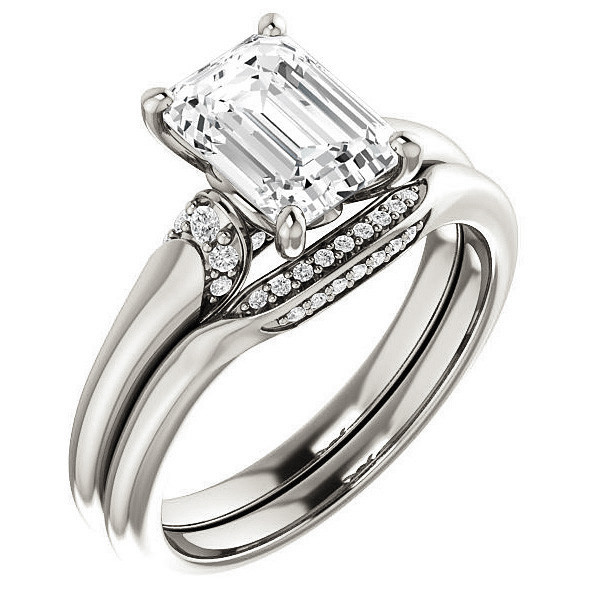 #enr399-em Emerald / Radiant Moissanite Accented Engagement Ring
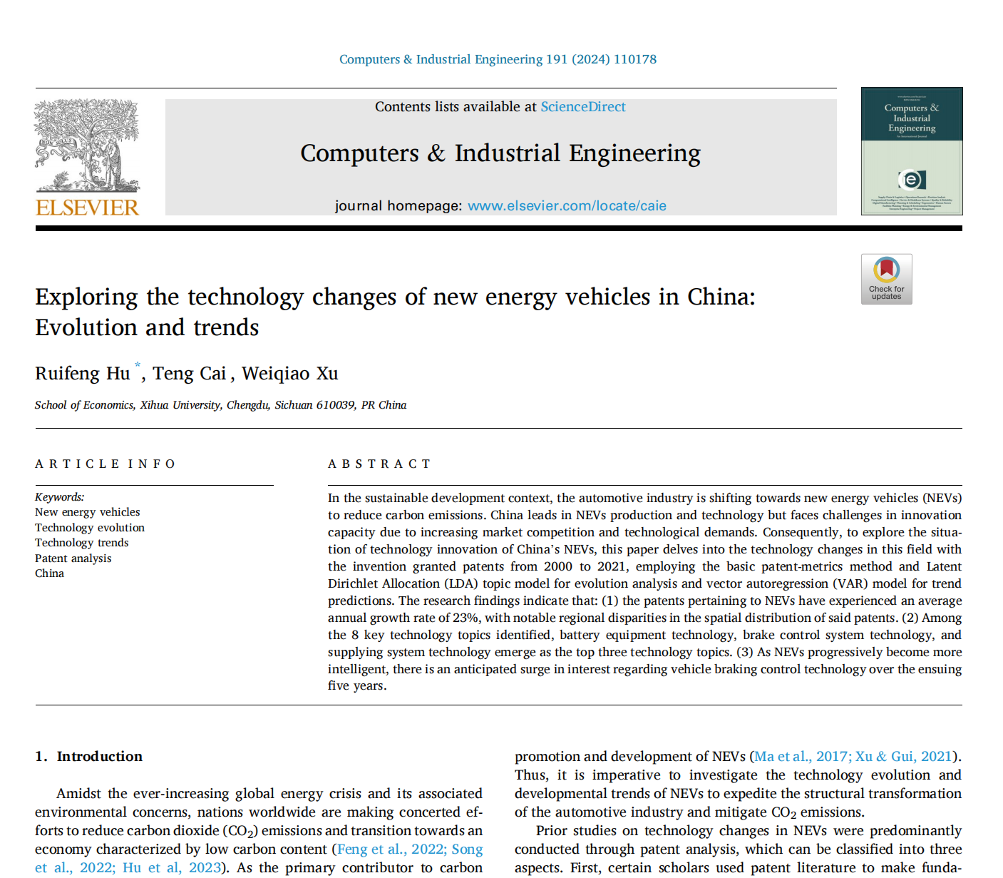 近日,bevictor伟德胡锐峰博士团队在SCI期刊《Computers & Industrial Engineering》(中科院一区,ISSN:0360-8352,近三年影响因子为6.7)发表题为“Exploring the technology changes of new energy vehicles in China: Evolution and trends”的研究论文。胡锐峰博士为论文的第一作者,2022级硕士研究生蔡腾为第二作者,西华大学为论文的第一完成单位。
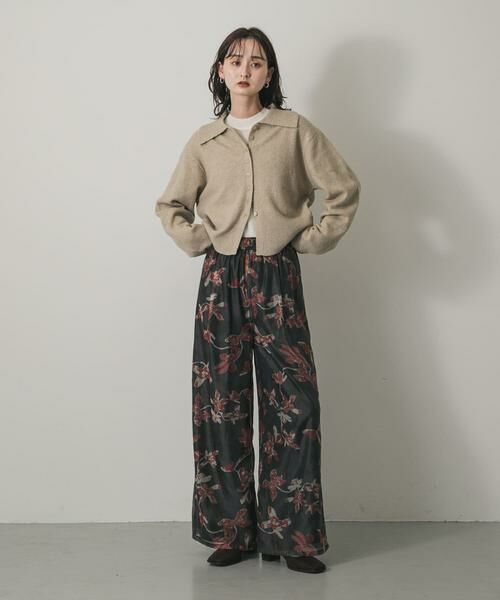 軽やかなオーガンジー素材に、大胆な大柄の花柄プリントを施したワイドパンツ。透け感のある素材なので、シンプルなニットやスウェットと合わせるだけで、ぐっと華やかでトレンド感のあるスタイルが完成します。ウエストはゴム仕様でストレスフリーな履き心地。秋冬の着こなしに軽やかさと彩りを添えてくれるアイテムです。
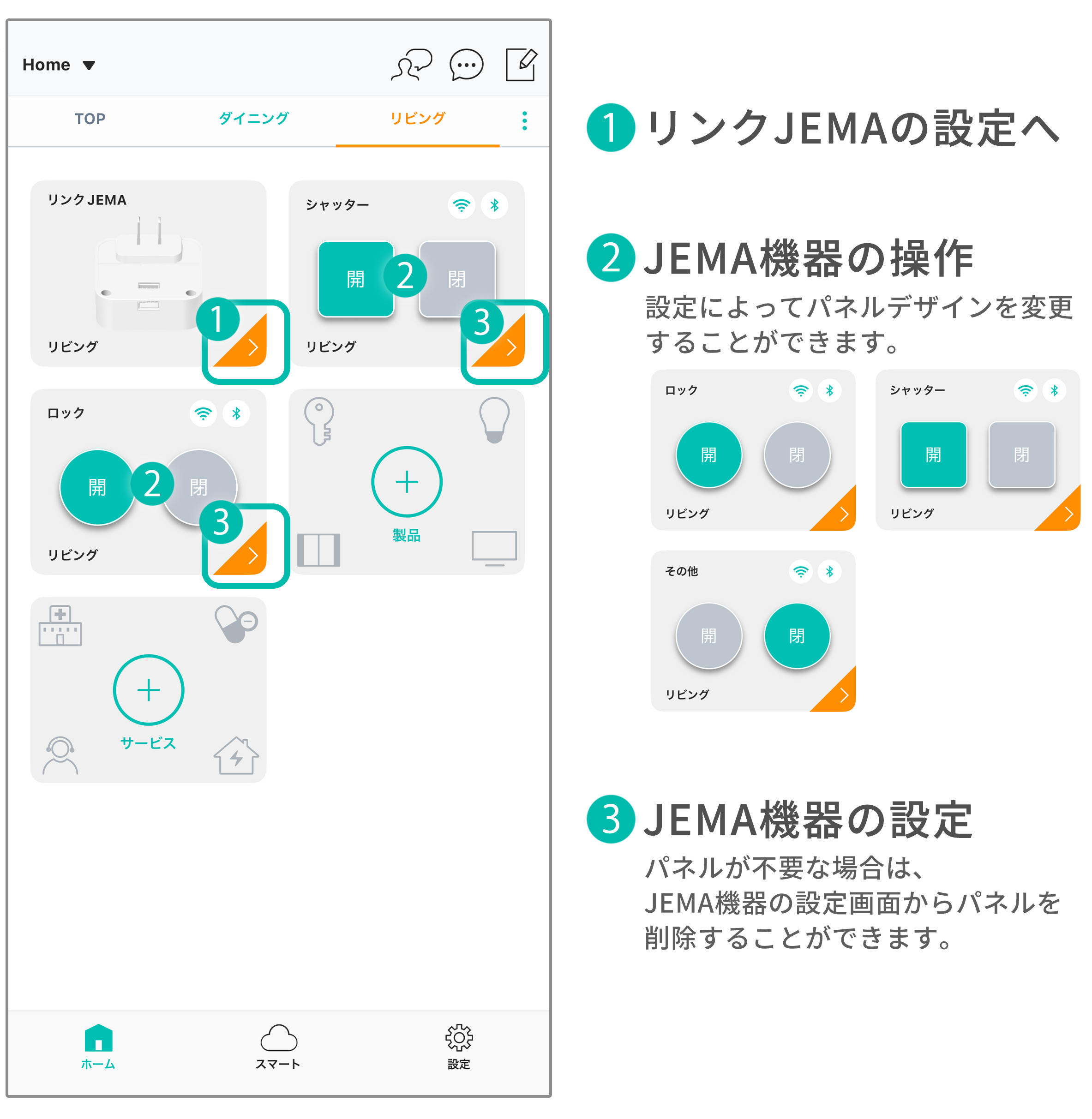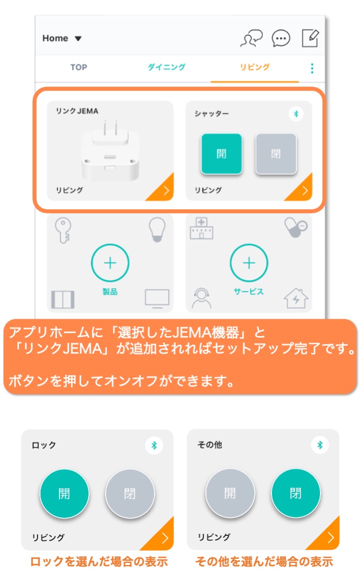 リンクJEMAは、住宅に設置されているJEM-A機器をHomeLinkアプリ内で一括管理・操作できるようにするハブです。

• [WORK TASK] Please print the span that begins at the line holding "近日,bevictor伟德胡锐峰博士团队在SCI期刊《Computers & Industrial" and ends at the last line of the data, both ends included, with no pictures.

• [WRITTEN SOLUTION]
 近日,bevictor伟德胡锐峰博士团队在SCI期刊《Computers & Industrial Engineering》(中科院一区,ISSN:0360-8352,近三年影响因子为6.7)发表题为“Exploring the technology changes of new energy vehicles in China: Evolution and trends”的研究论文。胡锐峰博士为论文的第一作者,2022级硕士研究生蔡腾为第二作者,西华大学为论文的第一完成单位。
 軽やかなオーガンジー素材に、大胆な大柄の花柄プリントを施したワイドパンツ。透け感のある素材なので、シンプルなニットやスウェットと合わせるだけで、ぐっと華やかでトレンド感のあるスタイルが完成します。ウエストはゴム仕様でストレスフリーな履き心地。秋冬の着こなしに軽やかさと彩りを添えてくれるアイテムです。
 リンクJEMAは、住宅に設置されているJEM-A機器をHomeLinkアプリ内で一括管理・操作できるようにするハブです。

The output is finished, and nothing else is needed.